### Task prompt
Print every entry exactly as written.

### Material for this task
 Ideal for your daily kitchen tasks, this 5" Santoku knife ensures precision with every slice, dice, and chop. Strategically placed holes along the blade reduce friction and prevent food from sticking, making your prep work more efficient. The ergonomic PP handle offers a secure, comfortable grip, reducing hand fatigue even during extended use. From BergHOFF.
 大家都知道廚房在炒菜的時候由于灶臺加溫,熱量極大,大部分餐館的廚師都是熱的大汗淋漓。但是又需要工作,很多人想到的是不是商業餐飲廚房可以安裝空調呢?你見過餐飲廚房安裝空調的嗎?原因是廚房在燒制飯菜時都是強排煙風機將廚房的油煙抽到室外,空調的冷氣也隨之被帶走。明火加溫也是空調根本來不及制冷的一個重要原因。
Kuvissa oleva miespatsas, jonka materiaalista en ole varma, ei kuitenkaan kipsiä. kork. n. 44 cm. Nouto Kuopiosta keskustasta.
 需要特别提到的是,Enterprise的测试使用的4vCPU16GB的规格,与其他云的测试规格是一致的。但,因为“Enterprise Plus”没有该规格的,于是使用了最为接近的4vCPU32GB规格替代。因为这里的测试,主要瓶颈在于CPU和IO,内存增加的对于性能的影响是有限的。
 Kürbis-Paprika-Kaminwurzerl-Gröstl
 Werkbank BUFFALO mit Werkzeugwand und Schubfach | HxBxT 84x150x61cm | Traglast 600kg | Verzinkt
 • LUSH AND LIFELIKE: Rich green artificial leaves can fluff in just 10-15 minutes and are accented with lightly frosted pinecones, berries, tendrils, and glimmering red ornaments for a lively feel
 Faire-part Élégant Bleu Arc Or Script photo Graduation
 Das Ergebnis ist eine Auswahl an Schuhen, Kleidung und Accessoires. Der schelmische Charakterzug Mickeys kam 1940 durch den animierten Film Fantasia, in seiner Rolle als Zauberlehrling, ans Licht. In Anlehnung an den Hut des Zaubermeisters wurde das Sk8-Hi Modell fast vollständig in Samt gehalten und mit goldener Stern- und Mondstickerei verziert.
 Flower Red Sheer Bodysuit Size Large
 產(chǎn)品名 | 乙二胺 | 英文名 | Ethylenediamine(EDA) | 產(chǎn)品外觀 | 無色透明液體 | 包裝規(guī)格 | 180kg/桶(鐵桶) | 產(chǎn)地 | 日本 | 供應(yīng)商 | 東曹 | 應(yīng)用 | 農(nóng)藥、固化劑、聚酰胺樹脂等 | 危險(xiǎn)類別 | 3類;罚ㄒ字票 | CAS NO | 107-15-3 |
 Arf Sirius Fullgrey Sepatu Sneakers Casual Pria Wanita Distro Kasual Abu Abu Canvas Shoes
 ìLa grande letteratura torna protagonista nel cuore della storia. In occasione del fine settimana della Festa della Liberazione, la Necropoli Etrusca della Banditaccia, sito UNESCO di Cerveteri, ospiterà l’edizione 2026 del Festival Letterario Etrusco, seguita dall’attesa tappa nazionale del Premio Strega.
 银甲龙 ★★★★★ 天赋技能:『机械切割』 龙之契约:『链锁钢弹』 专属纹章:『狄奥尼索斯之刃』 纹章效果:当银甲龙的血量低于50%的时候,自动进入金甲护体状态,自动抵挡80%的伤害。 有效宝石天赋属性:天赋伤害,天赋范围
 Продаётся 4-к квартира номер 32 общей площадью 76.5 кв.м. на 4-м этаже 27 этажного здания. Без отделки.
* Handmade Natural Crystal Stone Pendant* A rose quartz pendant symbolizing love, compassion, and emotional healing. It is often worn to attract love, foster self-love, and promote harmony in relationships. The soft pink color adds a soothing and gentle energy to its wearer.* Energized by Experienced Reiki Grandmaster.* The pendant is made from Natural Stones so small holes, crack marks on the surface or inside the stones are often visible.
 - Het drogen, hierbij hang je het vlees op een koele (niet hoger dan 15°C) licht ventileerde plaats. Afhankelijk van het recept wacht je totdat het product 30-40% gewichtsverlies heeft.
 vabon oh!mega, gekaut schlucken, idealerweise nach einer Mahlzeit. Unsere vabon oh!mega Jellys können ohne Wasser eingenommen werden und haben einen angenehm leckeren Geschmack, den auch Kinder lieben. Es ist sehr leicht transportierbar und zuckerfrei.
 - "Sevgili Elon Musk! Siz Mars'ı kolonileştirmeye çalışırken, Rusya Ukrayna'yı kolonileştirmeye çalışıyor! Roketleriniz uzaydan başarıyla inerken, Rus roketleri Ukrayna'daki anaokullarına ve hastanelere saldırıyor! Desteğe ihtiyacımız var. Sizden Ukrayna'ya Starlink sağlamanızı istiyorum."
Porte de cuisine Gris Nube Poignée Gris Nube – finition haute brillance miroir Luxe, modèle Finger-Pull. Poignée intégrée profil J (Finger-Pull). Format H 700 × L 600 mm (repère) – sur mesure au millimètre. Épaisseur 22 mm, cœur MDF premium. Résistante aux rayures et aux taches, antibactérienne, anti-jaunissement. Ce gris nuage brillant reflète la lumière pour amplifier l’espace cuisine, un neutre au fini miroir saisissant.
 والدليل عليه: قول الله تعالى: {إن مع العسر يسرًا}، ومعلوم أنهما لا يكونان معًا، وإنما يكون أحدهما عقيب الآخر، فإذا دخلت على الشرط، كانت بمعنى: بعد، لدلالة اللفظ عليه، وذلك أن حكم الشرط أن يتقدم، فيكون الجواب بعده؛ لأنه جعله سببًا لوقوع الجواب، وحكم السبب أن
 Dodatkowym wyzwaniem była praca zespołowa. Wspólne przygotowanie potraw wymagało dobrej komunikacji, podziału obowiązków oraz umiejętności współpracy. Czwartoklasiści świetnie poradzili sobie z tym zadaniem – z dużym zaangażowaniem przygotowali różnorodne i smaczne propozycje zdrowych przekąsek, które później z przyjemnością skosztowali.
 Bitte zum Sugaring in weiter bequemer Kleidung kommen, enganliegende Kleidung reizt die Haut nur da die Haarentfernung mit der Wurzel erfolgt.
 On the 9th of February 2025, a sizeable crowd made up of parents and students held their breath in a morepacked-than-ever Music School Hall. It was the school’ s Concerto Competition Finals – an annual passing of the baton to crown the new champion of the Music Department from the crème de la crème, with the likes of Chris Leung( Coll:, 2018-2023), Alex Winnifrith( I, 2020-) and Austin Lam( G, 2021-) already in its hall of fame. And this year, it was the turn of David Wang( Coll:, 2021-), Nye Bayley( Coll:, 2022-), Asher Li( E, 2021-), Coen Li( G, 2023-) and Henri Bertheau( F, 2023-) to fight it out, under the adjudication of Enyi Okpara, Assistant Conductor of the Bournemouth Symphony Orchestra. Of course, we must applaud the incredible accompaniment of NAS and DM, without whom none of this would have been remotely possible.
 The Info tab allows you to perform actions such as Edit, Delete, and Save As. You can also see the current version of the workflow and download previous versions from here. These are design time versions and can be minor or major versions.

### Completed task
 Ideal for your daily kitchen tasks, this 5" Santoku knife ensures precision with every slice, dice, and chop. Strategically placed holes along the blade reduce friction and prevent food from sticking, making your prep work more efficient. The ergonomic PP handle offers a secure, comfortable grip, reducing hand fatigue even during extended use. From BergHOFF.
 大家都知道廚房在炒菜的時候由于灶臺加溫,熱量極大,大部分餐館的廚師都是熱的大汗淋漓。但是又需要工作,很多人想到的是不是商業餐飲廚房可以安裝空調呢?你見過餐飲廚房安裝空調的嗎?原因是廚房在燒制飯菜時都是強排煙風機將廚房的油煙抽到室外,空調的冷氣也隨之被帶走。明火加溫也是空調根本來不及制冷的一個重要原因。
Kuvissa oleva miespatsas, jonka materiaalista en ole varma, ei kuitenkaan kipsiä. kork. n. 44 cm. Nouto Kuopiosta keskustasta.
 需要特别提到的是,Enterprise的测试使用的4vCPU16GB的规格,与其他云的测试规格是一致的。但,因为“Enterprise Plus”没有该规格的,于是使用了最为接近的4vCPU32GB规格替代。因为这里的测试,主要瓶颈在于CPU和IO,内存增加的对于性能的影响是有限的。
 Kürbis-Paprika-Kaminwurzerl-Gröstl
 Werkbank BUFFALO mit Werkzeugwand und Schubfach | HxBxT 84x150x61cm | Traglast 600kg | Verzinkt
 • LUSH AND LIFELIKE: Rich green artificial leaves can fluff in just 10-15 minutes and are accented with lightly frosted pinecones, berries, tendrils, and glimmering red ornaments for a lively feel
 Faire-part Élégant Bleu Arc Or Script photo Graduation
 Das Ergebnis ist eine Auswahl an Schuhen, Kleidung und Accessoires. Der schelmische Charakterzug Mickeys kam 1940 durch den animierten Film Fantasia, in seiner Rolle als Zauberlehrling, ans Licht. In Anlehnung an den Hut des Zaubermeisters wurde das Sk8-Hi Modell fast vollständig in Samt gehalten und mit goldener Stern- und Mondstickerei verziert.
 Flower Red Sheer Bodysuit Size Large
 產(chǎn)品名 | 乙二胺 | 英文名 | Ethylenediamine(EDA) | 產(chǎn)品外觀 | 無色透明液體 | 包裝規(guī)格 | 180kg/桶(鐵桶) | 產(chǎn)地 | 日本 | 供應(yīng)商 | 東曹 | 應(yīng)用 | 農(nóng)藥、固化劑、聚酰胺樹脂等 | 危險(xiǎn)類別 | 3類;罚ㄒ字票 | CAS NO | 107-15-3 |
 Arf Sirius Fullgrey Sepatu Sneakers Casual Pria Wanita Distro Kasual Abu Abu Canvas Shoes
 ìLa grande letteratura torna protagonista nel cuore della storia. In occasione del fine settimana della Festa della Liberazione, la Necropoli Etrusca della Banditaccia, sito UNESCO di Cerveteri, ospiterà l’edizione 2026 del Festival Letterario Etrusco, seguita dall’attesa tappa nazionale del Premio Strega.
 银甲龙 ★★★★★ 天赋技能:『机械切割』 龙之契约:『链锁钢弹』 专属纹章:『狄奥尼索斯之刃』 纹章效果:当银甲龙的血量低于50%的时候,自动进入金甲护体状态,自动抵挡80%的伤害。 有效宝石天赋属性:天赋伤害,天赋范围
 Продаётся 4-к квартира номер 32 общей площадью 76.5 кв.м. на 4-м этаже 27 этажного здания. Без отделки.
* Handmade Natural Crystal Stone Pendant* A rose quartz pendant symbolizing love, compassion, and emotional healing. It is often worn to attract love, foster self-love, and promote harmony in relationships. The soft pink color adds a soothing and gentle energy to its wearer.* Energized by Experienced Reiki Grandmaster.* The pendant is made from Natural Stones so small holes, crack marks on the surface or inside the stones are often visible.
 - Het drogen, hierbij hang je het vlees op een koele (niet hoger dan 15°C) licht ventileerde plaats. Afhankelijk van het recept wacht je totdat het product 30-40% gewichtsverlies heeft.
 vabon oh!mega, gekaut schlucken, idealerweise nach einer Mahlzeit. Unsere vabon oh!mega Jellys können ohne Wasser eingenommen werden und haben einen angenehm leckeren Geschmack, den auch Kinder lieben. Es ist sehr leicht transportierbar und zuckerfrei.
 - "Sevgili Elon Musk! Siz Mars'ı kolonileştirmeye çalışırken, Rusya Ukrayna'yı kolonileştirmeye çalışıyor! Roketleriniz uzaydan başarıyla inerken, Rus roketleri Ukrayna'daki anaokullarına ve hastanelere saldırıyor! Desteğe ihtiyacımız var. Sizden Ukrayna'ya Starlink sağlamanızı istiyorum."
Porte de cuisine Gris Nube Poignée Gris Nube – finition haute brillance miroir Luxe, modèle Finger-Pull. Poignée intégrée profil J (Finger-Pull). Format H 700 × L 600 mm (repère) – sur mesure au millimètre. Épaisseur 22 mm, cœur MDF premium. Résistante aux rayures et aux taches, antibactérienne, anti-jaunissement. Ce gris nuage brillant reflète la lumière pour amplifier l’espace cuisine, un neutre au fini miroir saisissant.
 والدليل عليه: قول الله تعالى: {إن مع العسر يسرًا}، ومعلوم أنهما لا يكونان معًا، وإنما يكون أحدهما عقيب الآخر، فإذا دخلت على الشرط، كانت بمعنى: بعد، لدلالة اللفظ عليه، وذلك أن حكم الشرط أن يتقدم، فيكون الجواب بعده؛ لأنه جعله سببًا لوقوع الجواب، وحكم السبب أن
 Dodatkowym wyzwaniem była praca zespołowa. Wspólne przygotowanie potraw wymagało dobrej komunikacji, podziału obowiązków oraz umiejętności współpracy. Czwartoklasiści świetnie poradzili sobie z tym zadaniem – z dużym zaangażowaniem przygotowali różnorodne i smaczne propozycje zdrowych przekąsek, które później z przyjemnością skosztowali.
 Bitte zum Sugaring in weiter bequemer Kleidung kommen, enganliegende Kleidung reizt die Haut nur da die Haarentfernung mit der Wurzel erfolgt.
 On the 9th of February 2025, a sizeable crowd made up of parents and students held their breath in a morepacked-than-ever Music School Hall. It was the school’ s Concerto Competition Finals – an annual passing of the baton to crown the new champion of the Music Department from the crème de la crème, with the likes of Chris Leung( Coll:, 2018-2023), Alex Winnifrith( I, 2020-) and Austin Lam( G, 2021-) already in its hall of fame. And this year, it was the turn of David Wang( Coll:, 2021-), Nye Bayley( Coll:, 2022-), Asher Li( E, 2021-), Coen Li( G, 2023-) and Henri Bertheau( F, 2023-) to fight it out, under the adjudication of Enyi Okpara, Assistant Conductor of the Bournemouth Symphony Orchestra. Of course, we must applaud the incredible accompaniment of NAS and DM, without whom none of this would have been remotely possible.
 The Info tab allows you to perform actions such as Edit, Delete, and Save As. You can also see the current version of the workflow and download previous versions from here. These are design time versions and can be minor or major versions.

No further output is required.